The collapse of private sector trade union membership across Europe allowed space for new identity radical-left political activists to infiltrate classic 20th century social democratic parties and when they grew frustrated at the slow acceptance of their ideas to go out and form new electoral groups.
Hence the rise of Syriza in Greece, Podemos in Spain, the so-called “frondeurs” in the French socialist party who undermined François Hollande’s presidency after 2012. Die Linke in Germany and “5 Stars” in Italy split and weakene German social democracy or the reformist Italian left.
Today the hard left in France led by Jean-Luc Mélenchon, leader of the main anti-systemfaction in the French Parliament, have been inciting street violence to weaken the Macron government led by a president who has little electoral experience and a poor choice of policies and ministers.
The main beneficiary is Marine Le Pen representing the intolerant racist right even if she has dropped the anti-semitism of her father.
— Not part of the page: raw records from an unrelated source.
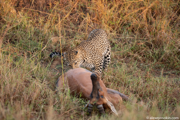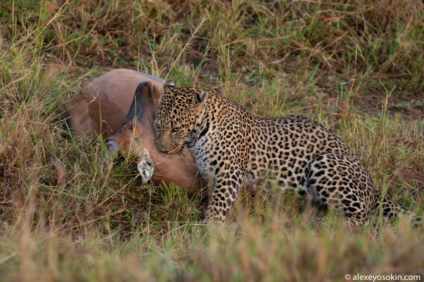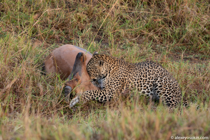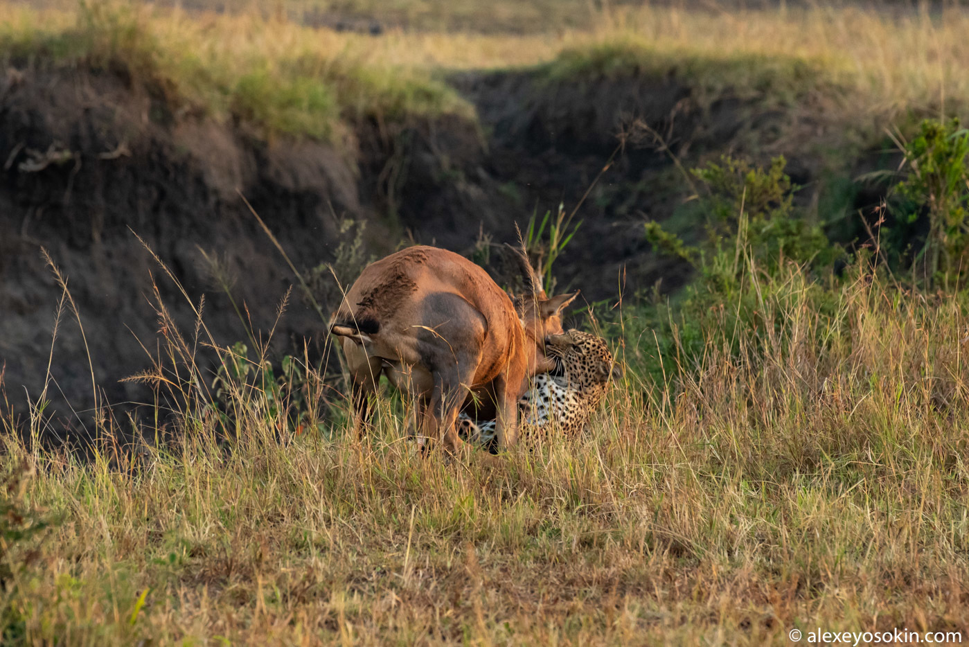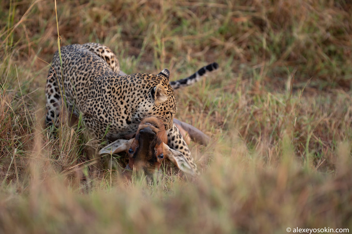 Интересно, что леопард сидел на холме, но при этом антилопы все равно не заметили ее, чем она и воспользовалась. Кошка прошмыгнула в овраг, низом подкралась к завтракающим антилопам и молниеносно атаковала одну из них, вцепившись в нее своими сильными лапами с острыми как ножи когтями и прокусив мощнейшей челюстью шею...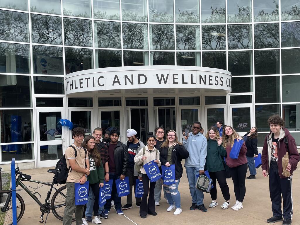 On Thursday, April 27 the PJHS Guidance Department facilitated a trip for 40 PJHS juniors and sophomores to attend a SUNY College Fair held at SUNY New Paltz. After the college fair and a picnic lunch, our group was treated to a fantastic campus tour by PJHS alumna Chloe Lane, and her friend Sam Strong, who are current students at SUNY New Paltz.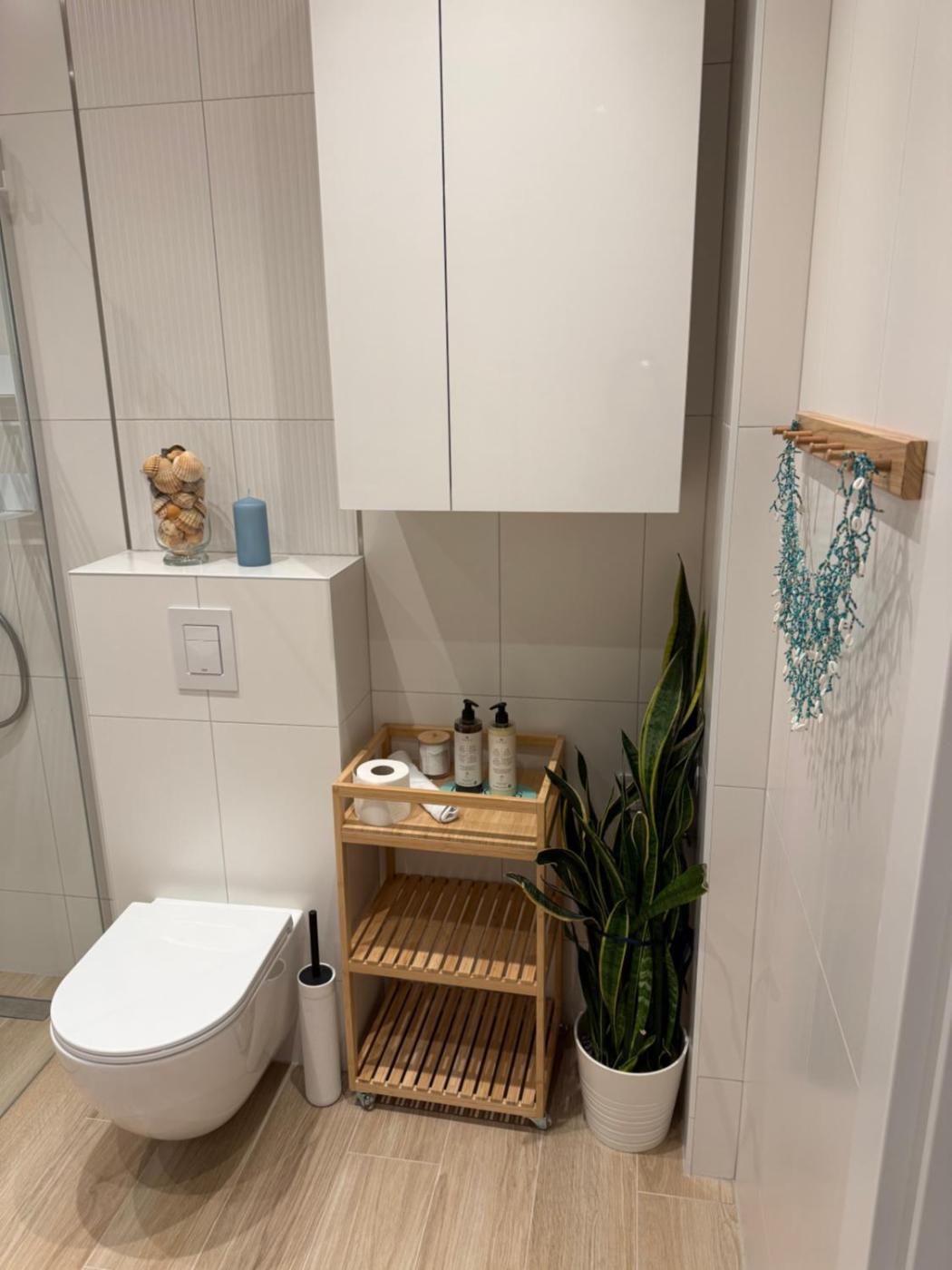Wyposażenie obejmuje również lodówkę, ekspres do kawy i czajnik.

She says as little as possible letting the anti-system left which has replaced the democratic Parti socialiste left with the most seats in the National Assembly make itself more and more unpopular with crude accusations that all French police officers are racist killers.
French workers and shopkeepers who see jobs destroyed and shops looted have no sympathy for this line and turn to Le Pen.
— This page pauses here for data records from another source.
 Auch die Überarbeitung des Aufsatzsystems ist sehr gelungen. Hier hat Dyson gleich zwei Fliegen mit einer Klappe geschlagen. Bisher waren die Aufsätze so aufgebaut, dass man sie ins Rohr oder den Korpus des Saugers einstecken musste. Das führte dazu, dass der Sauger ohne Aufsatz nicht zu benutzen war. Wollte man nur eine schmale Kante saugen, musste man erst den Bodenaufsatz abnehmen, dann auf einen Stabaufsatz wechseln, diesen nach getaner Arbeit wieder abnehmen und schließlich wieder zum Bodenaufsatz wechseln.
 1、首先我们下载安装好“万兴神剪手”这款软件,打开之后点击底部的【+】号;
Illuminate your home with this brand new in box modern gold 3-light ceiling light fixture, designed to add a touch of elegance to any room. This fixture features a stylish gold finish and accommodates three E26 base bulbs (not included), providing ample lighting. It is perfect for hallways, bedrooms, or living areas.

In Britain the radical nationalist identity politics that emerged in Scotland guaranteed Labour a long spell in opposition with Momentum as a party within a party and the election and re-election of Jeremy Corbyn as an anti-system leftist even after he lost the 2017 election.
Today fifteen years after the 2008 financial crash the new identity left has lost electoral support, intellectual élan, and political conviction.
Appeals to consider trans gender questions as the most important political issue of the day no longer convince. Banning flying for a family holiday or punishing workers who use their cars loses votes. Black lives matter but so do working class lives but no-one on the identity left speaks for workers.
Identity radical left attacks on their reformist comrades has only benefitted the right, especially a much harder right that is winning support in Europe. Just as Momentum and Corbyn ushered in ever more right-wing premiers in London Jean-Luc Mélenchon is the best ally Marine Le Pen has. Today’s polls show her winning the Elysée.
Once again today, it is the right that wins when the left choses demagogy and the street over political education and parliament.